HEXABIM a eu le plaisir d'interviewer Roland Le Roux, une personnalité inspirante et passionnée, Président de Citae et MBAcity. Entreprise motrice du BIM en France, MBAcity a pour vocation d'accompagner les acteurs du BTP dans leur transition numérique.

À travers cette interview, Roland Le Roux nous apporte son éclairage sur le développement du BIM en France et les enjeux pour les professionnels du secteur.


Roland Le Roux - Président Citae & MBAcity

Roland Le Roux, quel est votre parcours ?

J'ai un cursus d'ingénieur qui s'est très vite orienté vers le bâtiment et la performance énergétique. Après avoir étudié à l'École Centrale de Lyon et à KTH (université suédoise réputée pour ses programmes en lien avec l'environnement et l'énergie), je suis parti aux États-Unis dans le cadre d'un stage et y ai rapidement créé une entreprise avec deux associés. Je suis rentré en France en 2011 afin d'intégrer la société Elan, filiale de Bouygues. Au sein de Bouygues Construction, j'ai ensuite pris les rênes de l'Open Innovation, et participé à la création d'un fonds de corporate venture capital qui avait pour ambition d'accompagner les startups du BTP et de l'immobilier.

J'ai rejoint en 2018 le Groupe BTP Consultants comme Président de Citae et MBAcity. Citae est une société spécialisée dans l'assistance à maîtrise d'ouvrage sur les thématiques de l'environnement et des usages et dans le diagnostic immobilier.


MBAcity s'inscrit en tant que bâtisseur de données d'usage. Qu'est-ce que les données d'usage et quel est le lien avec le BIM ?
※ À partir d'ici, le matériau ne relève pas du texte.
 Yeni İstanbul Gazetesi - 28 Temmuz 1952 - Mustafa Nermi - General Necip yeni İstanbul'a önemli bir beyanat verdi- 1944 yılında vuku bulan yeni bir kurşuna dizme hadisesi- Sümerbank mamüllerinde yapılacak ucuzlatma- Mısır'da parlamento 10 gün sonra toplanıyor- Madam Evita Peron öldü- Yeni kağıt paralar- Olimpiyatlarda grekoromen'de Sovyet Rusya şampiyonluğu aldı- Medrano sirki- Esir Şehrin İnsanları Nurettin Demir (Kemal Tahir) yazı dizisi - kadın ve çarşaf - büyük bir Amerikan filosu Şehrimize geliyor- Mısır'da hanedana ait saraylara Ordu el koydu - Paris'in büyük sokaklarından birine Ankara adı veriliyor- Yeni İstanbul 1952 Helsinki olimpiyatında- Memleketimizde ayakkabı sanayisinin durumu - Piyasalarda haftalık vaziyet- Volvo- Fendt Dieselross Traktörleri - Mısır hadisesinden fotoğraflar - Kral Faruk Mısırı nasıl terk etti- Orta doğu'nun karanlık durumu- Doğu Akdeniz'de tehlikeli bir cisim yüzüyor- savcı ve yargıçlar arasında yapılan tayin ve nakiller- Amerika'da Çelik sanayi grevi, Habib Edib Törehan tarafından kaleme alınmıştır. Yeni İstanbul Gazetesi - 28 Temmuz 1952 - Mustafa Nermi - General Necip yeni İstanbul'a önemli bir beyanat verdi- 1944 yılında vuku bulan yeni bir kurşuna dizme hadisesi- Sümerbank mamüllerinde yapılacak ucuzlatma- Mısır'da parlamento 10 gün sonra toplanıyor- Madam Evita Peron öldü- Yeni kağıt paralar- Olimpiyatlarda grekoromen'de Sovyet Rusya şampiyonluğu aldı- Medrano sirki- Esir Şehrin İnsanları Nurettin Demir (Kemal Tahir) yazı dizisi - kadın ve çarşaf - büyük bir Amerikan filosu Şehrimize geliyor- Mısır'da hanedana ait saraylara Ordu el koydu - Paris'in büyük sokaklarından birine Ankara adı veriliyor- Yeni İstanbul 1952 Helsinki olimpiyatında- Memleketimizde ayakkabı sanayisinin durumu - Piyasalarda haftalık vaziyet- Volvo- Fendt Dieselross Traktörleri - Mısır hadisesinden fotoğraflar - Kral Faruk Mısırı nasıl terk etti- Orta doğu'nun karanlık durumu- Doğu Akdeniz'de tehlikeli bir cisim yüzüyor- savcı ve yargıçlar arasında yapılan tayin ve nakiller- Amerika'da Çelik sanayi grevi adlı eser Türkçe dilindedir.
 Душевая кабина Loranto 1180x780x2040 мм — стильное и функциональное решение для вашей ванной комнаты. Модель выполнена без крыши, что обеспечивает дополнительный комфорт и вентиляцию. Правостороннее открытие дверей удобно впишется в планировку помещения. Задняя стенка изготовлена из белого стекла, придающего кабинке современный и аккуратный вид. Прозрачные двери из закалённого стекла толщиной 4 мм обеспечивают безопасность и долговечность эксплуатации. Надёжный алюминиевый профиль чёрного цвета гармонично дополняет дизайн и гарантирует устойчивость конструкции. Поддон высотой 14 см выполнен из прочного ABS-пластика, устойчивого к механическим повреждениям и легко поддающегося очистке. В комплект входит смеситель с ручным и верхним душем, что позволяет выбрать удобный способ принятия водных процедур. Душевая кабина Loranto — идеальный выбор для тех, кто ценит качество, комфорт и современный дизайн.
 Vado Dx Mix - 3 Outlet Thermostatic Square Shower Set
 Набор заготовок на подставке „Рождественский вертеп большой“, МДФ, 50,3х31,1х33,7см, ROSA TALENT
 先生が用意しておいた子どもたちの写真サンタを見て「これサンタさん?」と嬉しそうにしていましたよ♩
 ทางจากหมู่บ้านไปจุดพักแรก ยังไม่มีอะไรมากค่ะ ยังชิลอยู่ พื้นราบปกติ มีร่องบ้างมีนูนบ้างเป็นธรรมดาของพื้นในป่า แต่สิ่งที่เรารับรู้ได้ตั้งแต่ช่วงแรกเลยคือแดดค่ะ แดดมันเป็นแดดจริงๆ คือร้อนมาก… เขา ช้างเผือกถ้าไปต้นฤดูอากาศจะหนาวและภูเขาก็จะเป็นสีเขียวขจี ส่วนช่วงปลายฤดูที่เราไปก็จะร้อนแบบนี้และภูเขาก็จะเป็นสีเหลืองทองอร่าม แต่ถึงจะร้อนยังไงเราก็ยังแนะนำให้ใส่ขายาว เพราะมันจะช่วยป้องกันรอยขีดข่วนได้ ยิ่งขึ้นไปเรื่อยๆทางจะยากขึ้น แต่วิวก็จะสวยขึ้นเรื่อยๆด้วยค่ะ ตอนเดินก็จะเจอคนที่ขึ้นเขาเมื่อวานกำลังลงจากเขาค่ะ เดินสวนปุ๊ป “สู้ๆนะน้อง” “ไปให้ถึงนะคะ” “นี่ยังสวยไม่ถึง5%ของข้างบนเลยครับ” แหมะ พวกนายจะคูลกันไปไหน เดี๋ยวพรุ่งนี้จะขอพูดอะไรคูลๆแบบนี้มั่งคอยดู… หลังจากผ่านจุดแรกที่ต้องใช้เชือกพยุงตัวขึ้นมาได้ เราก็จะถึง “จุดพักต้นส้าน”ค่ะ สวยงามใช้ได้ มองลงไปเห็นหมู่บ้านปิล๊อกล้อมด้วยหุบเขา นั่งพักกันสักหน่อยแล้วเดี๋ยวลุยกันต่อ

Les données d'usage sont toutes les données associées à un projet que chacun renseigne pour l'usage spécifique de son métier. De l'investisseur initial à l'utilisateur final, en passant par la mairie qui octroie le permis de construire, la maîtrise d'ouvrage, les architectes, les bureaux d'études, les entreprises de construction, etc. Chaque partie prenante a un besoin spécifique de la donnée, avec des priorités différentes selon les phases du projet. Le BIM regroupe l'ensemble de ces informations et permet d'exploiter efficacement toute cette data.

Néanmoins, il ne faut pas tomber dans l'excès inverse à vouloir collecter trop de données, notamment les moins pertinentes, et à se retrouver noyé sous un flot de datas. Il faut toujours se demander « À quoi va servir cette donnée ? », « L'investissement nécessaire pour obtenir et mettre à disposition ces données sera-t-il utile et rentabilisé ? ».


Quelle est la vision de MBAcity autour du BIM ?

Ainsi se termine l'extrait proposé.